To our knowledge, in literature only two studies evaluated the covariation between the morphology of the palate and the facial skeletal patterns using different sample of malocclusion. Parcha et al. [14], analysing the palatal morphology and its relationship to skeletal pattern in a general orthodontic population, underlined that high and narrow palatal vaults were principally associated to a hyperdivergent skeletal pattern while shallow and wide palates to a hypodivergent one. Paoloni et al. [15] evaluated a group of Class II malocclusion growing patients, showing that the tendency to develop a transverse deficit of the maxilla was more easily recognizable in Class II subjects with high angle mandibular pattern. Despite the different analysed subjects, both the two authors found covariation results that were similar to the ones found in our study. We confirmed that beyond the kind of sagittal malocclusion there is a strong correlation between the maxillary morphology and the vertical facial skeletal pattern.

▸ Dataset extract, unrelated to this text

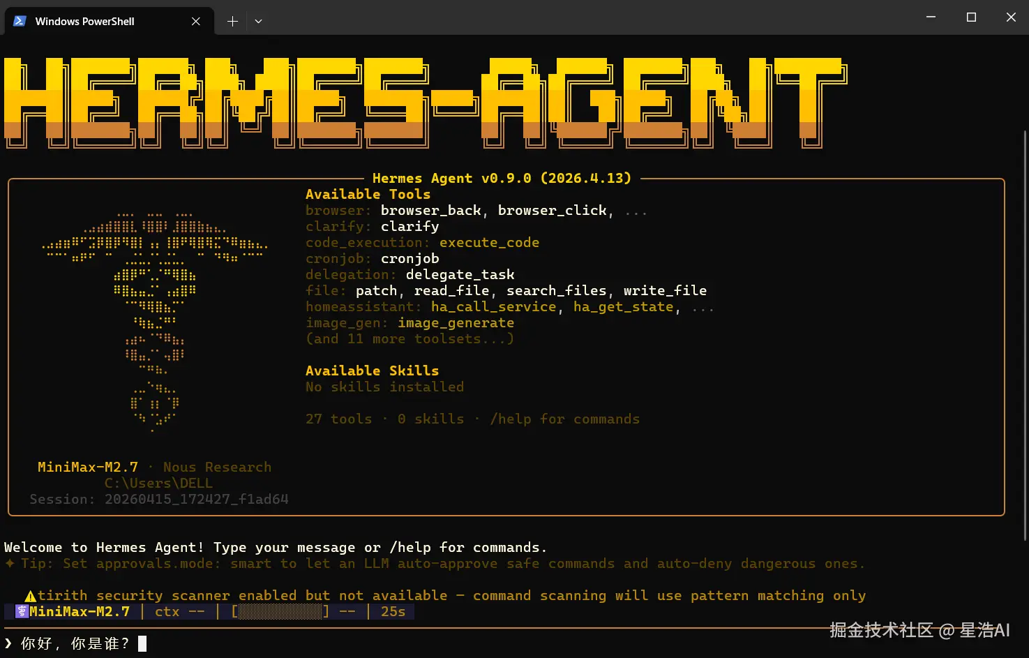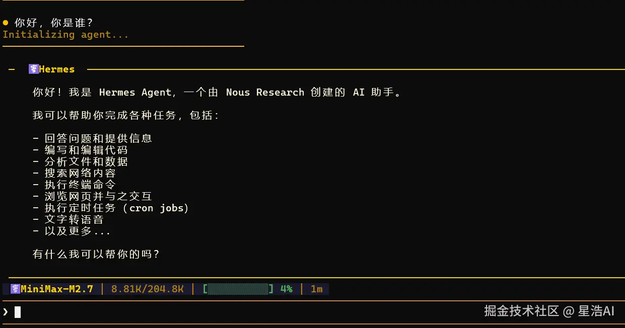 成功启动hermes chat,看到下面的欢迎界面,恭喜你安装成功了。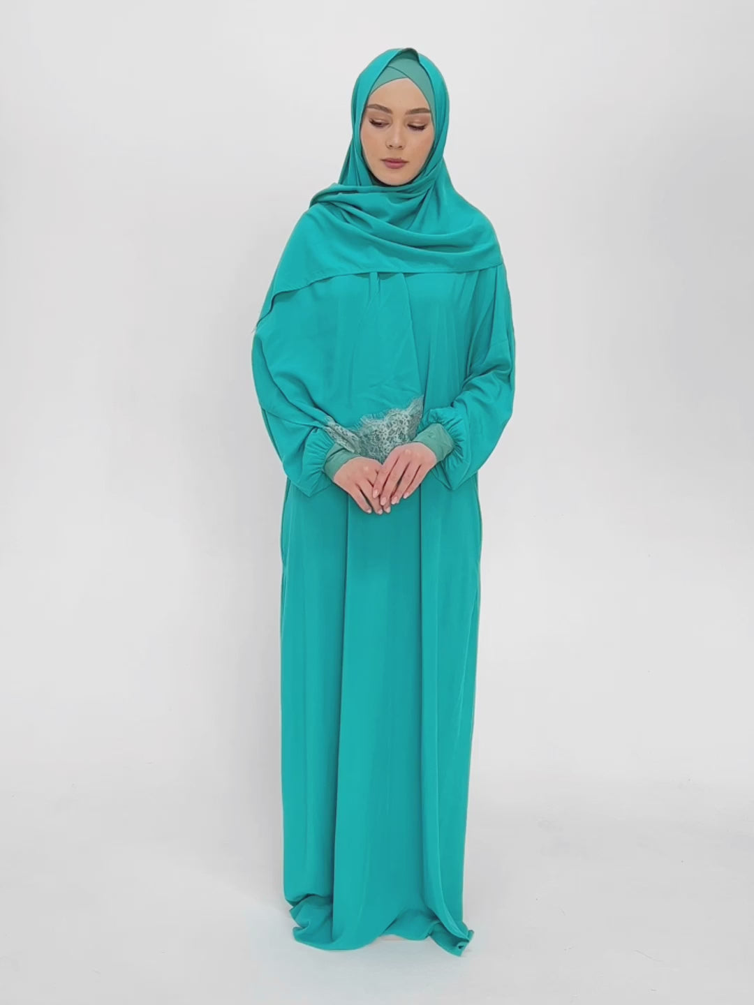 One-Piece Prayer Dress With Scarf: Teal Twilight

The clinician should be aware of the close correlation between the transverse and vertical dimension and should carefully analyse both discrepancies in the diagnostic process of Class III malocclusion. Since the maxillary skeletal base widths and the maxillary intermolar widths were significantly smaller in this malocclusion [10], these patients may more often require orthopaedic maxillary expansion [29,30,31]. Moreover, among the predictive variables of treatment stability, gonial angle and vertical growth have been included [32, 33]. An unfavourable prognostic pattern of Class III malocclusion has been identified by narrow maxilla, obtuse gonial angle, increase vertical skeletal pattern [32, 33]. Considering these conditions, the control of the vertical dimension in Class III malocclusion growing patients may be advisable.

Limitations

Since the records were obtained from Class III individuals who chose to seek treatment and subjects who present for correction of their malocclusion, they may represent a more severe phenotype than occurs within the normal population. Moreover the study included only Caucasians so these results will not apply to other ethnic groups. As recommended by Parcha et al. [14], the palatal vault was assessed up to the gingival margin as described by previous studies in order to eliminate the influence of dental inclination and position in the alveolar bone.

Although we accomplished a comprehensive three-dimensional description of palatal shape, the use of two-dimensional cephalometric radiographs, which exclude the transverse dimension of the craniofacial complex, is a noteworthy limitation.

Conclusions

Class III malocclusion growing subjects presented a statistically significant covariation between palatal and craniofacial morphology: in Class III subjects increments of angle divergence are related to narrow and high palates.